DATA FOR ANALYSIS Block Start

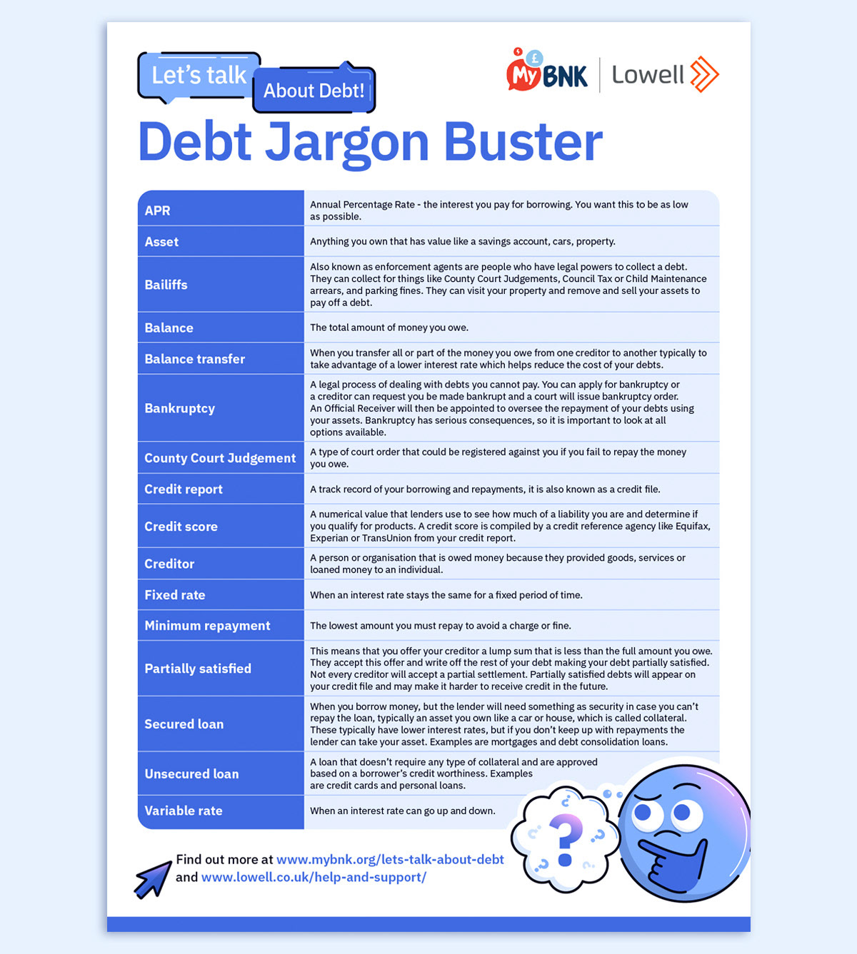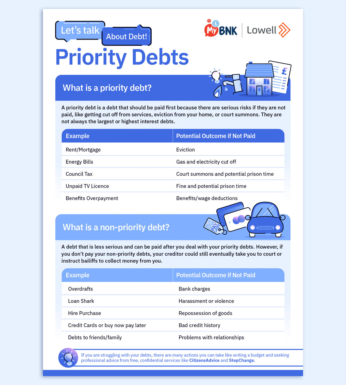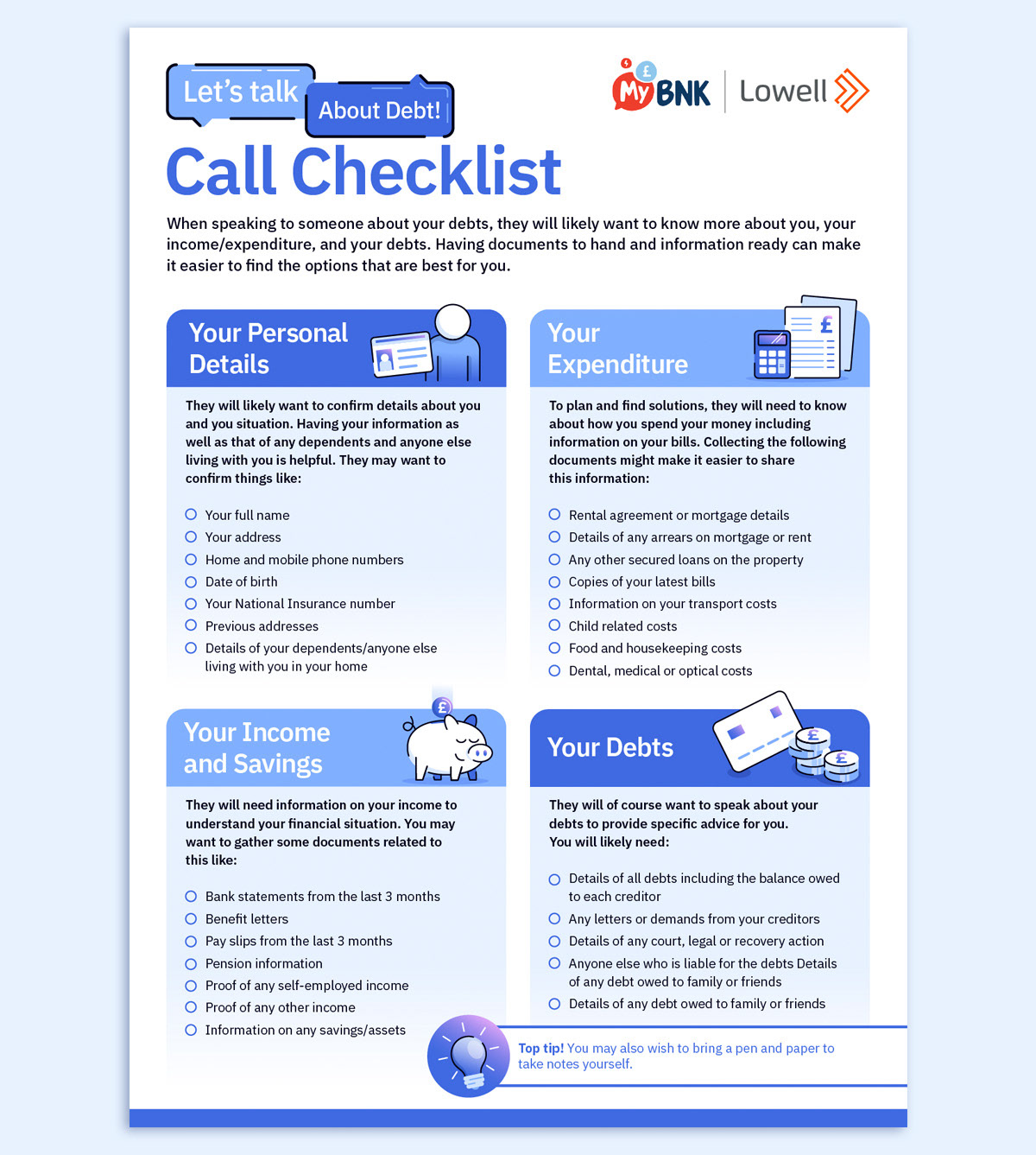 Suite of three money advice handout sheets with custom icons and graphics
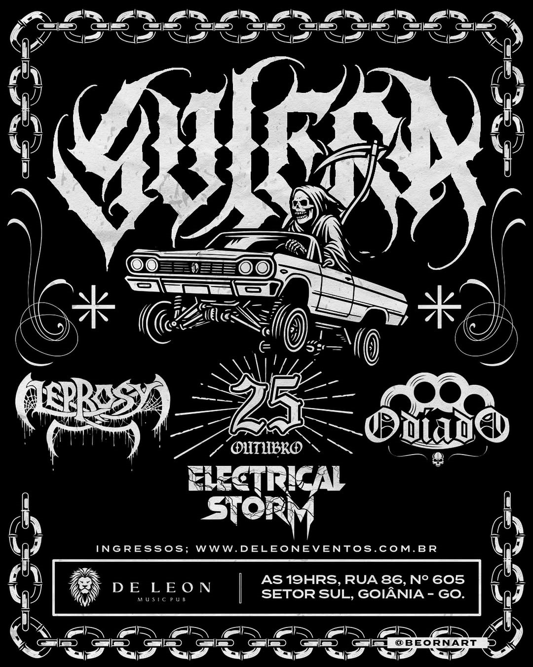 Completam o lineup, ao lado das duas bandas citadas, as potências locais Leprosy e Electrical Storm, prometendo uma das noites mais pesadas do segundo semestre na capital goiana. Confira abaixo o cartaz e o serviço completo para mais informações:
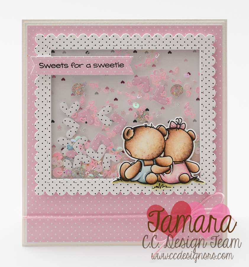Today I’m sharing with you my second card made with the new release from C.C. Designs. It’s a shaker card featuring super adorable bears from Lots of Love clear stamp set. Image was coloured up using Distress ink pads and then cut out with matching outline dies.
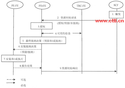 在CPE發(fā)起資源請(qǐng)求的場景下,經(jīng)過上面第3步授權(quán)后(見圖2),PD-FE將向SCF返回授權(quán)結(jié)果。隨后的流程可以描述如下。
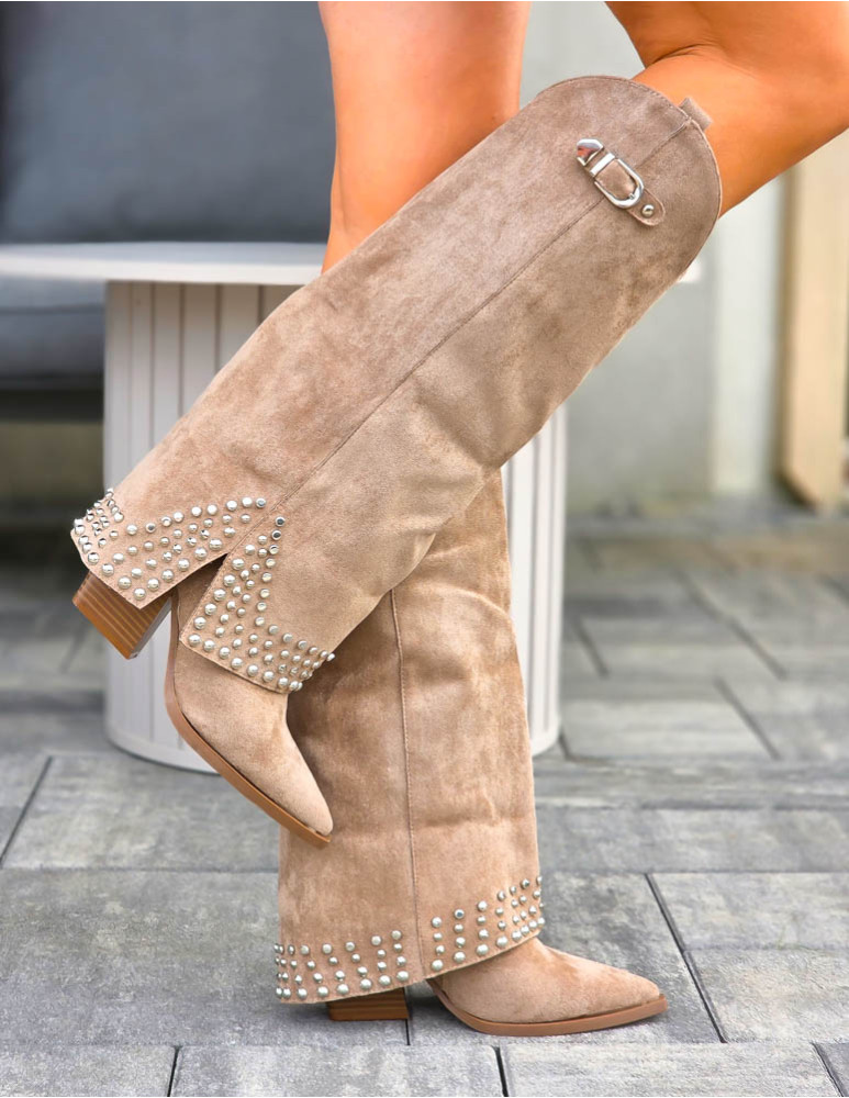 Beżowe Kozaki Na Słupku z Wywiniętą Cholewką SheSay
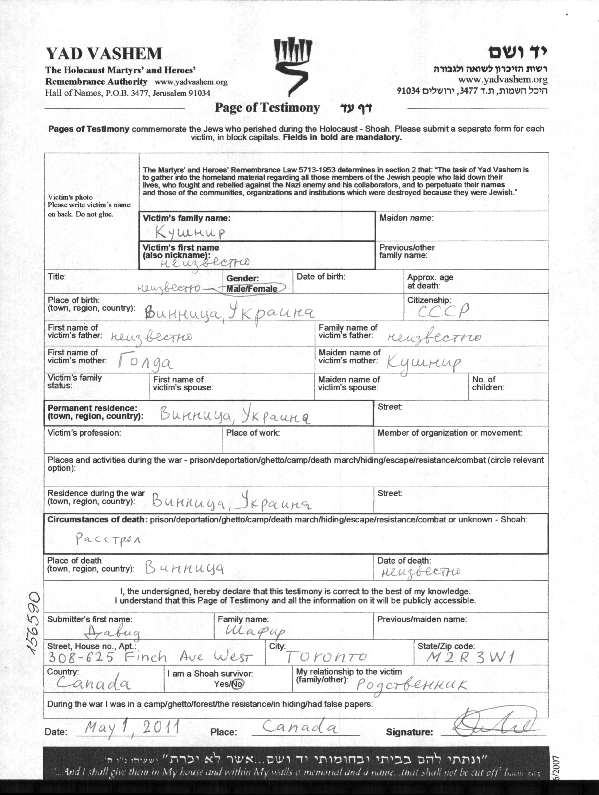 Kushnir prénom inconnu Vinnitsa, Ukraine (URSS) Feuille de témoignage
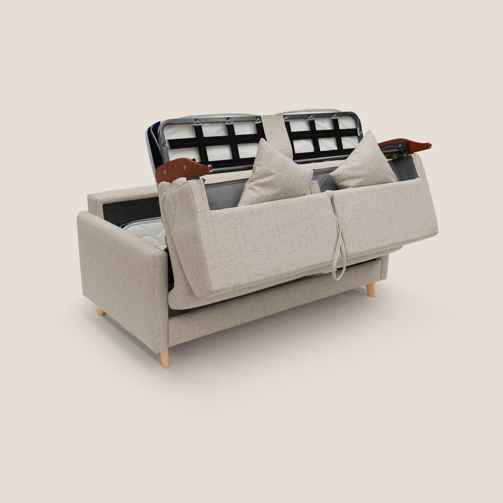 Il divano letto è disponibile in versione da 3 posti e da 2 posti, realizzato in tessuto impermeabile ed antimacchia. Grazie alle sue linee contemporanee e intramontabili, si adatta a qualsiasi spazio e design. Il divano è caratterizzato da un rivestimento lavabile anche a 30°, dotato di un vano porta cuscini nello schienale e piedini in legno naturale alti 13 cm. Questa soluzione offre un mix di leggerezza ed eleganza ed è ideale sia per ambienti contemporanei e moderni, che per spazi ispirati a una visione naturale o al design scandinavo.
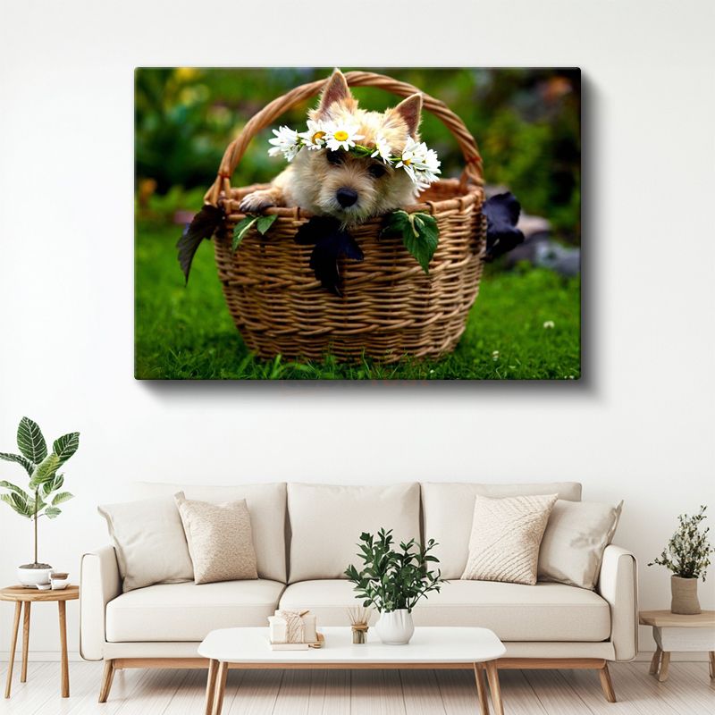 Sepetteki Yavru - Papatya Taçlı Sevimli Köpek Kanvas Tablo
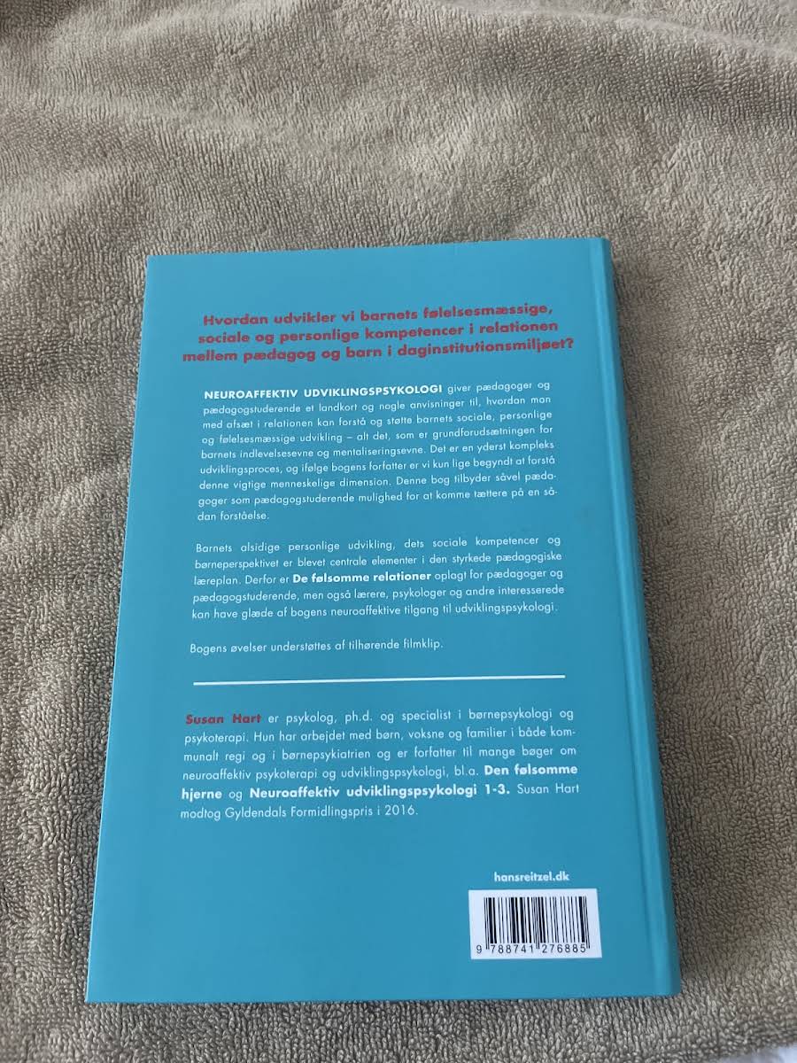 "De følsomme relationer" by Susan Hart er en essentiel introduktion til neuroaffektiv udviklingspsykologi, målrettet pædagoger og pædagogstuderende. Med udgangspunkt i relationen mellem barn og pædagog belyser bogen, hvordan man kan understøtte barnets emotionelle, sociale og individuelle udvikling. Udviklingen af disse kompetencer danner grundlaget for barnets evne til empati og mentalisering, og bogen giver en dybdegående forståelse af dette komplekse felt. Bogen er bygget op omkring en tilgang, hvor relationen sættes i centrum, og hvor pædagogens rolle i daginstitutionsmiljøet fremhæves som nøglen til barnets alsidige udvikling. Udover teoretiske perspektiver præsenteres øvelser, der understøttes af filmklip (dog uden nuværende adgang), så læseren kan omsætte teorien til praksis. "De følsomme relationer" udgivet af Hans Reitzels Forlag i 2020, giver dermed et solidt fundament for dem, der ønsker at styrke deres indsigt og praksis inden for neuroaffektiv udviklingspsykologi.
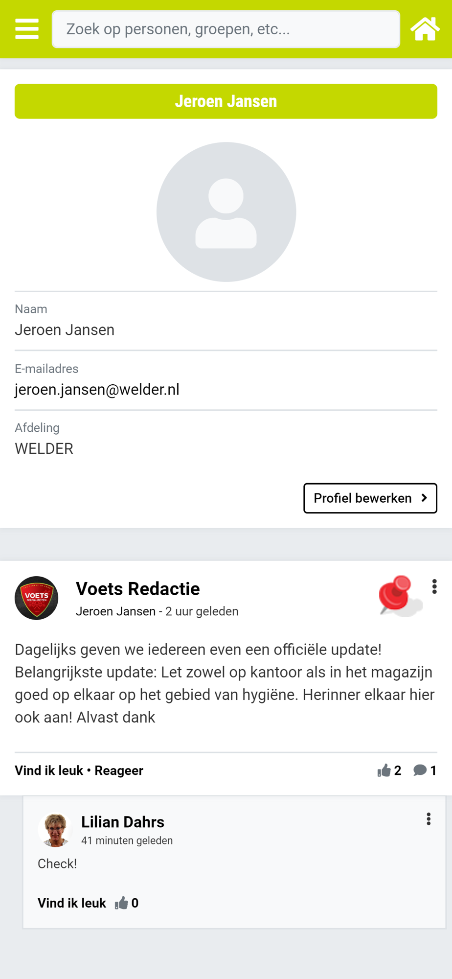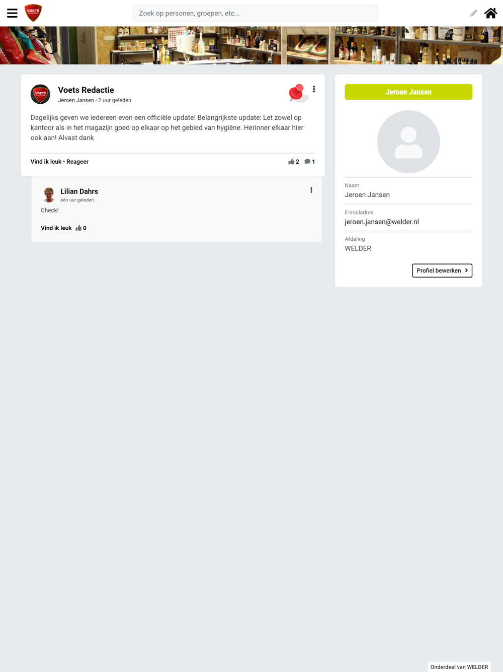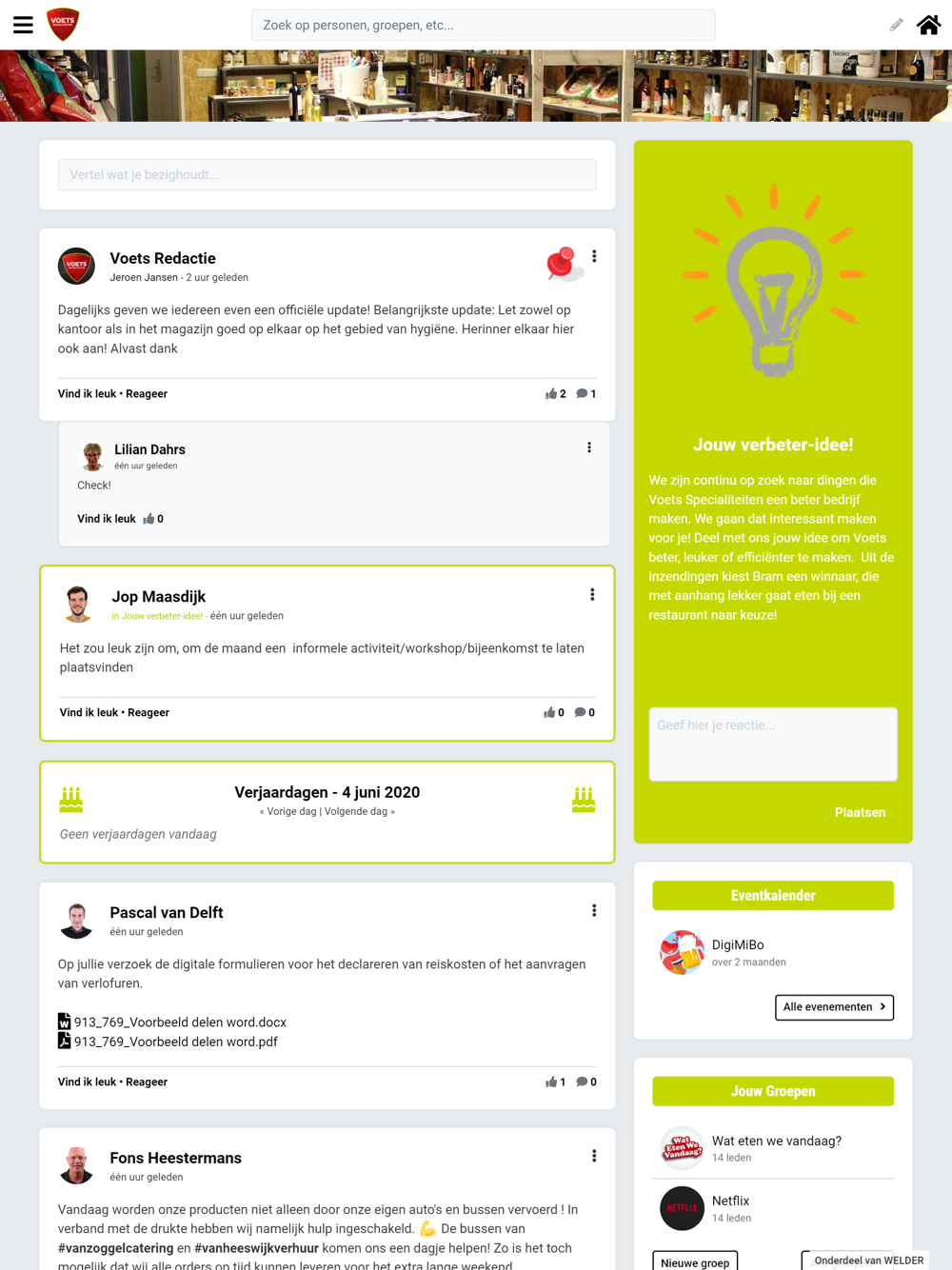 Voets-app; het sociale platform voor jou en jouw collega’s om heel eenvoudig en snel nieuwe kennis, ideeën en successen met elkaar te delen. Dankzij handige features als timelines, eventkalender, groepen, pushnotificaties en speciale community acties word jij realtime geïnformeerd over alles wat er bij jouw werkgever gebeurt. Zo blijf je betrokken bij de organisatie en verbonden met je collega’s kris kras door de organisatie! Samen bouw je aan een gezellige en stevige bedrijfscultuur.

DATA FOR ANALYSIS Block End

◆ **PROBLEM REQUIREMENTS**
The lines from the one containing "for neuroaffektiv udviklingspsykologi." through the final line of the data are to be repeated exactly, with both ends included and all pictures left out.

◆ **OUTPUT FOR THIS TASK**
 "De følsomme relationer" by Susan Hart er en essentiel introduktion til neuroaffektiv udviklingspsykologi, målrettet pædagoger og pædagogstuderende. Med udgangspunkt i relationen mellem barn og pædagog belyser bogen, hvordan man kan understøtte barnets emotionelle, sociale og individuelle udvikling. Udviklingen af disse kompetencer danner grundlaget for barnets evne til empati og mentalisering, og bogen giver en dybdegående forståelse af dette komplekse felt. Bogen er bygget op omkring en tilgang, hvor relationen sættes i centrum, og hvor pædagogens rolle i daginstitutionsmiljøet fremhæves som nøglen til barnets alsidige udvikling. Udover teoretiske perspektiver præsenteres øvelser, der understøttes af filmklip (dog uden nuværende adgang), så læseren kan omsætte teorien til praksis. "De følsomme relationer" udgivet af Hans Reitzels Forlag i 2020, giver dermed et solidt fundament for dem, der ønsker at styrke deres indsigt og praksis inden for neuroaffektiv udviklingspsykologi.
 Voets-app; het sociale platform voor jou en jouw collega’s om heel eenvoudig en snel nieuwe kennis, ideeën en successen met elkaar te delen. Dankzij handige features als timelines, eventkalender, groepen, pushnotificaties en speciale community acties word jij realtime geïnformeerd over alles wat er bij jouw werkgever gebeurt. Zo blijf je betrokken bij de organisatie en verbonden met je collega’s kris kras door de organisatie! Samen bouw je aan een gezellige en stevige bedrijfscultuur.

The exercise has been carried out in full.